Okay, now the fun part: I had a list of 740 names and what fields they were found in, so I wanted to:
- Reconcile the list of names against LCNAF to make sure we are using the authorized form, if there is one, and
- Identify variant forms of the same name, particularly those that aren’t established in LC.
Fortunately, OpenRefine can help with both of those things!
I tackled reconciliation against LCNAF first. I’d previously tested out a VIAF reconciliation service developed by Jeff Chiu, and had good luck with it. It’s fast, and seems to return good results. I copied the list of names to a new column in Refine, and ran the reconciliation service on that column. After running the reconciliation, I went through quite a few names that had potential matches and manually confirmed (or not) the match, particularly for names that didn’t have qualifiers like dates. I ended up with 98 names that were matched to LC authority records. I created a new column, with only the names that were reconciled with VIAF, using the GREL expression cell.recon.match.name.
My next step was to use the clustering function in Refine to identify potential variants of the same name. I knew there were a lot of potential variants: names missing dates, missing diacritics (or extraneous diacritics), typos, etc. I briefly tried to do this work myself, and quickly realized it was extremely difficult to do. But the power of algorithms came to my rescue! I created another new column of names, and used OpenRefine’s “Cluster and edit” function on it (found under Edit Cells). The clustering function identifies potential variants that represent the same thing and lets you quickly edit them all to one version (or to something else altogether). I tried out various methods of clustering, and found that they caught different potential variants. For each cluster, I chose the correct form and edited the cells to include it. In many cases, this involved going back to the items themselves to verify if, for example, this person used an accent mark. This was a time-consuming process (possibly the most time-consuming single step), because it involved so much looking back at the materials to determine the correct form.
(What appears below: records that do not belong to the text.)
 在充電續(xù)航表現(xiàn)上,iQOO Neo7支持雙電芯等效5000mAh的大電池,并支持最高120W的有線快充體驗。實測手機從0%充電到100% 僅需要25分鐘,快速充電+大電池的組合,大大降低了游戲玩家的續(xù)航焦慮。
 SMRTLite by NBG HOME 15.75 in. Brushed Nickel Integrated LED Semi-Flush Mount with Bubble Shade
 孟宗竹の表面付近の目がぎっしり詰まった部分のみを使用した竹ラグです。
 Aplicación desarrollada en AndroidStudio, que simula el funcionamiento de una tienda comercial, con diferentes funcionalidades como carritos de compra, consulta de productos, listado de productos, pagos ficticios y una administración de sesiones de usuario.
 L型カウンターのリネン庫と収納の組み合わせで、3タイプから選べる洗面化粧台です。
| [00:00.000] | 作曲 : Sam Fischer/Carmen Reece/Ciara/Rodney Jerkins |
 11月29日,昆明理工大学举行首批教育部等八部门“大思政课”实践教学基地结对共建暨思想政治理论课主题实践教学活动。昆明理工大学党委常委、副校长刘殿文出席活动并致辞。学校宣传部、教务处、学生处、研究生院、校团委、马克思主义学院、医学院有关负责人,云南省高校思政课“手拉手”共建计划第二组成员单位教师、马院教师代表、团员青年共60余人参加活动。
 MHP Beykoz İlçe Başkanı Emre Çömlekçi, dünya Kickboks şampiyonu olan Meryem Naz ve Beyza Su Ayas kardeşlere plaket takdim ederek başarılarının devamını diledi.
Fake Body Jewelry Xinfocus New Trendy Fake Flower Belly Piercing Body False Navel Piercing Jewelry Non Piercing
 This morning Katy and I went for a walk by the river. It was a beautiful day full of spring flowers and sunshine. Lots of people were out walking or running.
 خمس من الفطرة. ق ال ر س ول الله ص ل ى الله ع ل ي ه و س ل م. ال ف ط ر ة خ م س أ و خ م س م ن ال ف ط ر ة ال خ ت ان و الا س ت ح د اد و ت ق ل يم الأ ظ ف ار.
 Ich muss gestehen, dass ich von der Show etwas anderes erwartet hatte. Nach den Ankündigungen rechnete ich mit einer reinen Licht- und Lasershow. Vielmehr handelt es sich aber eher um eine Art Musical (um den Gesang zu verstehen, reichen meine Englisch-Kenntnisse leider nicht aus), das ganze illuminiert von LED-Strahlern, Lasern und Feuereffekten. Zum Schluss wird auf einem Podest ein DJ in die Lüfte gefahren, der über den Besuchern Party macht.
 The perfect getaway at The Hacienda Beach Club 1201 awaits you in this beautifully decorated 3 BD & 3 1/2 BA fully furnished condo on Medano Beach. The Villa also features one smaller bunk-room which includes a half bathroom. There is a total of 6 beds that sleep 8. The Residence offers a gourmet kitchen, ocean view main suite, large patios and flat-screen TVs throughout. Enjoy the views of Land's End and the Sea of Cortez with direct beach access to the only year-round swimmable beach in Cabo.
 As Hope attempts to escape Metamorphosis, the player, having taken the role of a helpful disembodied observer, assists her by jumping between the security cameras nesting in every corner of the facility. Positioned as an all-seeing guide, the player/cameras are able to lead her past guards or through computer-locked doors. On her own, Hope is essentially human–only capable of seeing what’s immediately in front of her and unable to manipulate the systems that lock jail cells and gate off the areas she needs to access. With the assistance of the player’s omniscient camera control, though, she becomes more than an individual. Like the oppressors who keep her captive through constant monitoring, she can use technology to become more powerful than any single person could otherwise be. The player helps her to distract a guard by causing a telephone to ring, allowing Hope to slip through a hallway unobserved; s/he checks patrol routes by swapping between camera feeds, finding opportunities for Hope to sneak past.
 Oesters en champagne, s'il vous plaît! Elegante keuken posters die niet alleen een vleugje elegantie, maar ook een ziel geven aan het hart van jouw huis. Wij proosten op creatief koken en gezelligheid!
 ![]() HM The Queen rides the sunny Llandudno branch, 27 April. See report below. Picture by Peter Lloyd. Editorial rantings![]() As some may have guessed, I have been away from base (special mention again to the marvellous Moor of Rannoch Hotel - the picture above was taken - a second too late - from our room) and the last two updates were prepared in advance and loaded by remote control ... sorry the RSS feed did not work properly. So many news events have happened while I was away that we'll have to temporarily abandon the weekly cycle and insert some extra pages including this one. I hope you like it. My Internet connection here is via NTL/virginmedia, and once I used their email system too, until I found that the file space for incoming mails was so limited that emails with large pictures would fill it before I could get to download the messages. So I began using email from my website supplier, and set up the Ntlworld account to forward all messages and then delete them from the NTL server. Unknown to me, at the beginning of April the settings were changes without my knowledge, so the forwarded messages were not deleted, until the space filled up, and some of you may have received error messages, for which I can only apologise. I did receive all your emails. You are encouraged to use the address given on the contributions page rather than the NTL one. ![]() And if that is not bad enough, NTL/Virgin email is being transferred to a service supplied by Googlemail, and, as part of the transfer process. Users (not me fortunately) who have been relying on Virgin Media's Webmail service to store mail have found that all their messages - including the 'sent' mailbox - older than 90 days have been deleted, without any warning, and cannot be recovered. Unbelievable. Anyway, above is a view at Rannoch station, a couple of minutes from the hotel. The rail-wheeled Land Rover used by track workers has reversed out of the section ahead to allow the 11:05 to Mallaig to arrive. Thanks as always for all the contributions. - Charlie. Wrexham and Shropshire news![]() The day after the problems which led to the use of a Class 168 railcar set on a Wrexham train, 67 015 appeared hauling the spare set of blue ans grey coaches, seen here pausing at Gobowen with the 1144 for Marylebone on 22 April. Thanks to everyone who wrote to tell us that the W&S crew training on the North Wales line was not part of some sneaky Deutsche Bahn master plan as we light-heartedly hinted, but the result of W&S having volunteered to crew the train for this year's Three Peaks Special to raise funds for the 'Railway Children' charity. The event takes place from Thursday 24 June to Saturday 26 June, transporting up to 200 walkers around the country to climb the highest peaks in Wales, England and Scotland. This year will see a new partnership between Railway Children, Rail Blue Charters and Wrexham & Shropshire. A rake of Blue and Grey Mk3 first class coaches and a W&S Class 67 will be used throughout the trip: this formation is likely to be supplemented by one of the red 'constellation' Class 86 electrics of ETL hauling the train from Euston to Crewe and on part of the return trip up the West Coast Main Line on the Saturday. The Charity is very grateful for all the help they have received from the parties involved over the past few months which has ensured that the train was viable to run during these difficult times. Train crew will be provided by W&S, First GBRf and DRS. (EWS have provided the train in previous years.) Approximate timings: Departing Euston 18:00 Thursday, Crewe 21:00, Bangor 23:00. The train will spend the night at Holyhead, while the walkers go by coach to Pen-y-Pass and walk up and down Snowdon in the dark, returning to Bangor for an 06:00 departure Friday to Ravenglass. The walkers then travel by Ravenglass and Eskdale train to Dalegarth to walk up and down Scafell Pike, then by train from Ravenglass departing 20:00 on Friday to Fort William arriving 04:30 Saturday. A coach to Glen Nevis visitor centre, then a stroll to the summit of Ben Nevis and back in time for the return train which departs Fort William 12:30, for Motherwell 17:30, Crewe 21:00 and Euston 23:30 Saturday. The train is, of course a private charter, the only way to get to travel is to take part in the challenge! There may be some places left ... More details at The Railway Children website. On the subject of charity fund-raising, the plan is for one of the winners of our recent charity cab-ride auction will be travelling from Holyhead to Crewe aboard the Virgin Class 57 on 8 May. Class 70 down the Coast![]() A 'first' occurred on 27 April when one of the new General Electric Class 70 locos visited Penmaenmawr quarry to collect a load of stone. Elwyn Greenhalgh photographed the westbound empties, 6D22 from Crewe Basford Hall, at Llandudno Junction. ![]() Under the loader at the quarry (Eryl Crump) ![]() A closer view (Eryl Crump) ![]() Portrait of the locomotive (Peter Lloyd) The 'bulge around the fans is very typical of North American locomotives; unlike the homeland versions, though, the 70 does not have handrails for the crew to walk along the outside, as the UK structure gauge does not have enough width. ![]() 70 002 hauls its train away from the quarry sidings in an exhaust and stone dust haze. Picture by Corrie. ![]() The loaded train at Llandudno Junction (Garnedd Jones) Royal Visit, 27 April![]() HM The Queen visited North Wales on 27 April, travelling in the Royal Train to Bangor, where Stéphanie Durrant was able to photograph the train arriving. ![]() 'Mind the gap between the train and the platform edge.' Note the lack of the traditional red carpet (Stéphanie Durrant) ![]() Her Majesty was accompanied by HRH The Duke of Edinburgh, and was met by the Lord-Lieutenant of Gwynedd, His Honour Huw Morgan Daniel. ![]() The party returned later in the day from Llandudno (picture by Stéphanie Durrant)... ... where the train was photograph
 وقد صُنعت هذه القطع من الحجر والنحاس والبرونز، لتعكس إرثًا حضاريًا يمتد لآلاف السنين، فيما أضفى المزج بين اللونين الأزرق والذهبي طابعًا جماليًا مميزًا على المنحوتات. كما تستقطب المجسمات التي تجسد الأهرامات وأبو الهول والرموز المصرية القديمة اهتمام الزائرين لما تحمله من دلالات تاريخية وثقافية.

However, it wasn’t difficult, and it was SO much easier than if I’d tried to do the matching by hand.
With all of the reconciliation and clustering done, I had my list of names that needed to be edited. I exported the project out of Refine and back into Excel, with colums for the original name, the reconciled name, and the clustered name. I used some IF(ISERROR(MATCH())) formulas to see if the original name matched the values in the reconciled and clustered name columns, and from there was able to separate out the names to be changed. I ended up with a total of 88 names. I then added columns for each original field to indicate if the name was found in that field, allowing me to filter for the names to change in each field.
Last but not least, I went into CONTENTdm and, field by field, edited the controlled vocabulary and used the built-in “Find and replace” tool to update the names that needed to be changed. Because I had a well-organized list of what names needed to be changed in each field, I was able to move through this step fairly quickly.